Information management for enabling systems medicine

This brief paper by Ganzinger and Knaup examines the state of systems medicine, where multiple medical data streams are merged, analyzed, modeled, etc. to further how we diagnose and treat disease. They discuss the dynamic nature of disease knowledge and clinical data, as well as the problems that arise from integrating omics data into systems medicine, under the umbrella of integrating the knowledge into a usable format in tools like a clinical decision support system. They conclude that though with many benefits, "special care has to be taken to address inherent dynamics of data that are used for systems medicine; over time the number of available health records will increase and treatment approaches will change." They add that their data management model is flexible and can be used with other data management tools.

Developing a customized approach for strengthening tuberculosis laboratory quality management systems toward accreditation

Published in early 2017, this paper by Albert et al. discusses the development process of an accreditation program — the Strengthening Tuberculosis Laboratory Management Toward Accreditation or TB SLMTA — dedicated to better implementation of quality management systems (QMS) in tuberculosis laboratories around the world. The authors discuss the development of the curriculum, accreditation tools, and roll-out across 10 countries and 37 laboratories. They conclude that the training and mentoring program is increasingly vital for tuberculosis labs, "building a foundation toward further quality improvement toward achieving accreditation ... on the African continent and beyond."

SistematX, an online web-based cheminformatics tool for data management of secondary metabolites

Dereplication is a chemical screening process of separation and purification that eliminates known and studied constituents, leaving other novel metabolites for future study. This is an important part of pharmaceutical and natural product development, requiring appropriate data management and retrieval for researchers around the world. However, Scotti et al. found a lack of secondary metabolite databases that met their needs. Noting a need for complex searches, structure management, visualizations, and taxonomic rank in one package, they developed SistematX, "a modern and innovative web interface." They conclude the end result is a system that "provides a wealth of useful information for the scientific community about natural products, highlighting the location of species from which the compounds were isolated."

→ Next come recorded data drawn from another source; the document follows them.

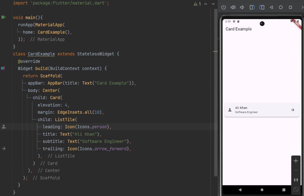 User Interface (UI) design plays a crucial role in mobile application success. In Flutter, building elegant and responsive UI is easy with powerful widgets like Card, ListTile, and ListView.
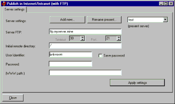 Before publishing your site, you must first set up the FTP parameters. You only have to do this once and you can obtain all your parameters from your system administrator, your ISP, or your host.
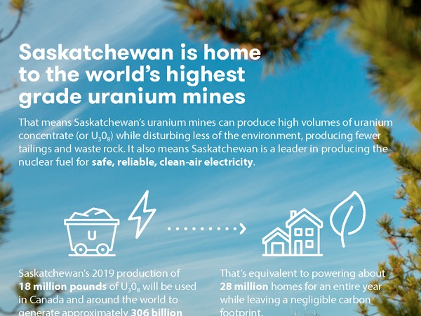 Uranium Overview Properties Radiation Finding Uranium Regulators Markets Uranium in Saskatchewan Nuclear History Timeline Nuclear Fuel Cycle Mining & Milling Establishing a Mine Mining Milling After Mining More Topics Safety Environment Cameco's Role Markets Types of Careers Learn More Fuel Processing Refining & Conversion Enrichment Fuel Manufacturing More Topics Safety Environment Cameco's Role Markets Types of Careers Learn More Electricity Generation How Reactors Work Types of Reactors Nuclear Power Advantage Energy Demands More Topics Safety Environment Cameco's Role Markets Types of Careers Learn More Spent Fuel Management Spent Fuel Reprocessing Long-Term Storage More Topics Safety Environment Cameco's Role Learn More Menu Search Media Library Images Uranimum Overview Download Uranium Overview Download Uranium Overview Download Uranium Overview Download Uranium Overview Download Uranium Overview Download Uranium Overview Download Uranium Overview Download Mining & Milling Download Mining & Milling Download Mining & Milling Download Mining & Milling Download See 12 More Images See All Images Videos Cameco Fuel Cycle - Introduction × Cameco Fuel Cycle - Introduction Cameco Fuel Cycle - Introduction Cameco Fuel Cycle - Exploration × Cameco Fuel Cycle - Exploration Cameco Fuel Cycle - Exploration Cameco Fuel Cycle - Raisebore Mining × Cameco Fuel Cycle - Raisebore Mining Cameco Fuel Cycle - Raisebore Mining Cameco Fuel Cycle - Jet Bore Mining × Cameco Fuel Cycle - Jet Bore Mining Cameco Fuel Cycle - Jet Bore Mining Cameco Fuel Cycle - In-Situ Recovery Mining × Cameco Fuel Cycle - In-Situ Recovery Mining Cameco Fuel Cycle - In-Situ Recovery Mining Cameco Fuel Cycle - Milling × Cameco Fuel Cycle - Milling Cameco Fuel Cycle - Milling Cameco Fuel Cycle - Refining × Cameco Fuel Cycle - Refining Cameco Fuel Cycle - Refining Cameco Fuel Cycle - Conversion × Cameco Fuel Cycle - Conversion Cameco Fuel Cycle - Conversion Cameco Fuel Cycle - Fuel Manufacturing: Light Water Cycle × Cameco Fuel Cycle - Fuel Manufacturing: Light Water Cycle Cameco Fuel Cycle - Fuel Manufacturing: Light Water Cycle Cameco Fuel Cycle - Electricity Generation × Cameco Fuel Cycle - Electricity Generation Cameco Fuel Cycle - Electricity Generation Cameco Fuel Cycle - Fuel Manufacturing: CANDU Cycle × Cameco Fuel Cycle - Fuel Manufacturing: CANDU Cycle Cameco Fuel Cycle - Fuel Manufacturing: CANDU Cycle Cameco McArthur River Virtual Tour × Cameco McArthur River Virtual Tour Cameco McArthur River Virtual Tour Cameco Key Lake Virtual Tour × Cameco Key Lake Virtual Tour Cameco Key Lake Virtual Tour Cameco Cigar Lake Mine Virtual Tour × Cameco Cigar Lake Mine Virtual Tour Cameco Cigar Lake Mine Virtual Tour Documents Uranium in Saskatchewan 2020 Fact Sheet Download Cameco Corporation - Comparison of Lifecycle Greenhouse Gas Emissions of Various Electricity Generation Sources Download × One ton of natural uranium can produce more than 40 million kilowatt-hours of electricity. This is equivalent to burning 16,000 tons of coal or 80,000 barrels of oil.
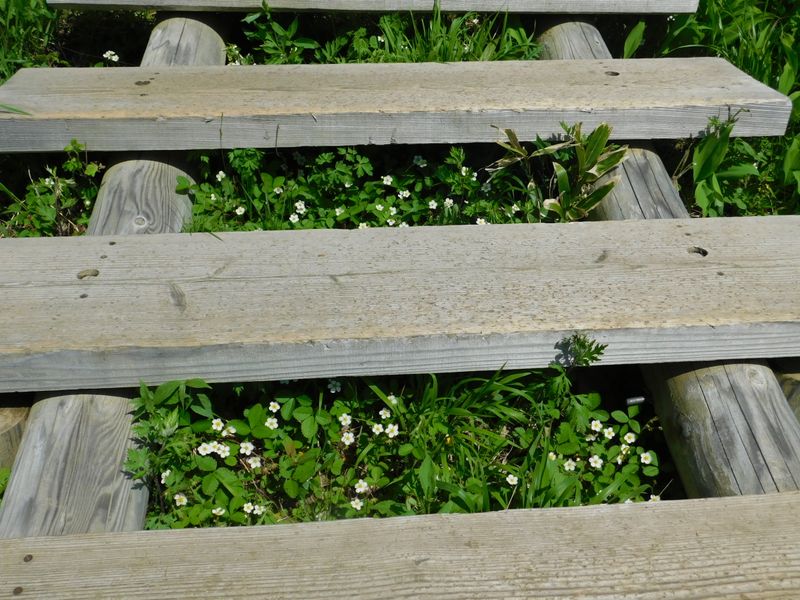 -- 木道の下にも逞しく、シロバナノヘビイチゴ。14:12
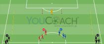 戦術面(スペース利用してプレーに変化をつける、マークを外す動き)、技術面(シュート、クロス、パス、ヘディング)両方を伸ばす4ゾーンのポゼッショントレーニングです |
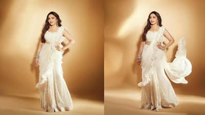 पण आता माधुरी हिने केलेला बोल्ड लूक तुम्ही रिसेप्शन किंवा कोणत्याही पार्टीसाठी फॉलो करू शकता. पाढंऱ्या साडीमध्ये माधुरी हिचं सौंदर्य फुललं आहे.
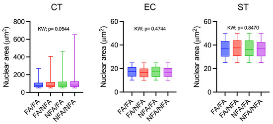 Analysis of the nuclear area of cytotrophoblasts (CTs), endothelial cells (ECs), and syncytiotrophoblasts (STs) in the labyrinth zone of the rat placenta at 21 days post-fertilization (dpf) following exposure to wood smoke-derived PM2.5 (n = 12 animals per group).
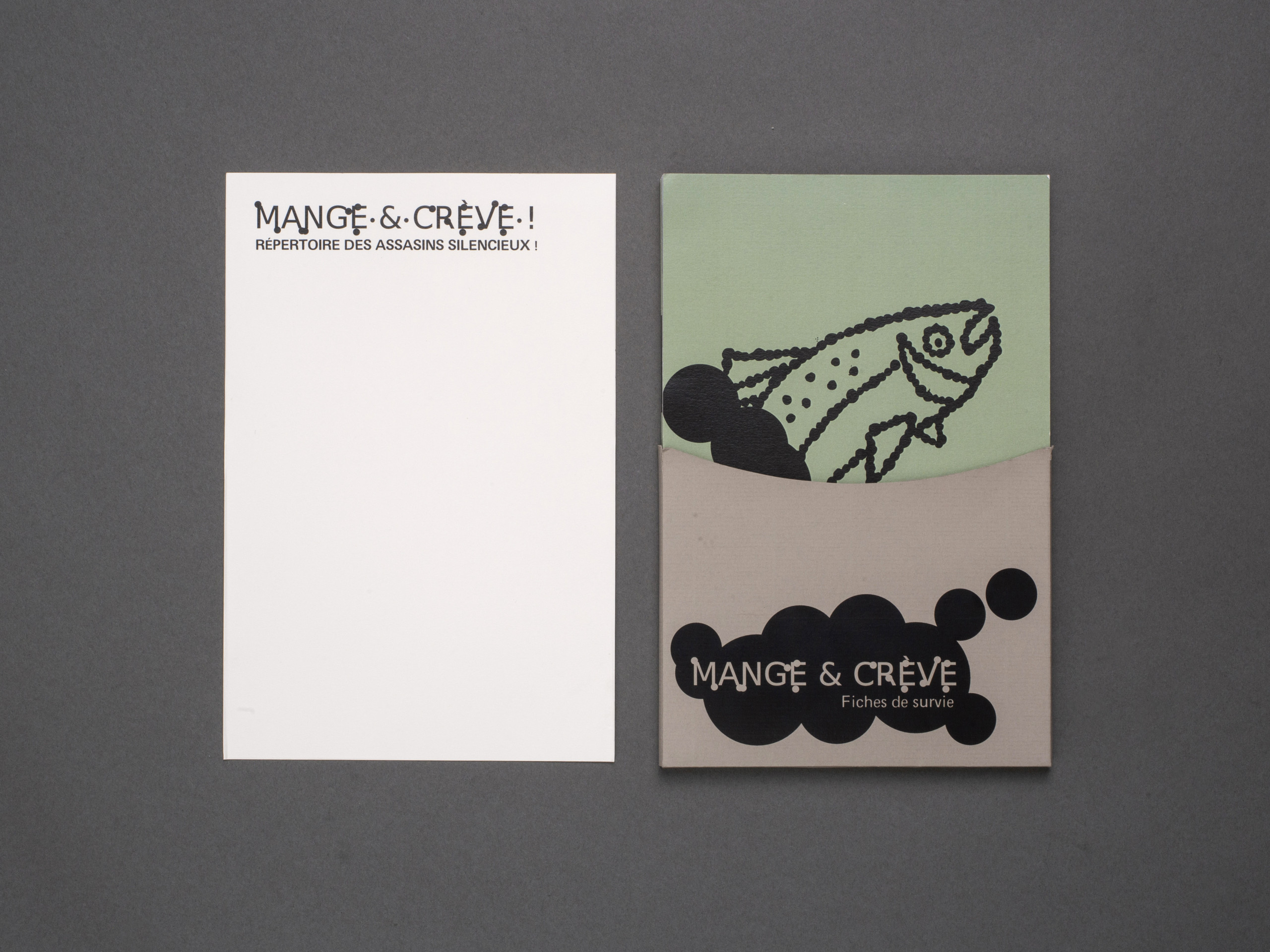 Mange et crève propose un guide pour survivre aux micro-intoxications alimentaires dues à une mauvaise cuisson ou à une mauvaise conservation. Le projet s’inspire de la typographie “ Fungal ”, autour de laquelle s’articule un univers visuel cohérent rappelant le processus de l’intoxication. Les différents objets ici présentés visent d’une part à sensibiliser le public aux dangers liés aux toxines et d’autre part à promouvoir des pratiques alimentaires plus sûres.

Rethinking data sharing and human participant protection in social science research: Applications from the qualitative realm

Social science researchers, like any other researchers, produce data in their work, both quantitative and qualitative. Unlike other sciences, social science researchers have some added difficulties in meeting the data sharing initiatives promoted by funding agencies and journals when it comes to qualitative data and how to share it "both ethically and safely." In this 2017 paper, Kirilova and Karcher describe the efforts of the Qualitative Data Repository at Syracuse University, considering the variables that went into making qualitative data available while trying to reconcile "the tension between modifying data or restricting access to them, and retaining their analytic value." They conclude that such repositories' goals should be towards "educating researchers how to be 'safe people' and how to plan for 'safe projects' – when accessing such data and using them for secondary analysis – and providing long-term 'safe settings' for the data, including via de-identification and appropriate access controls."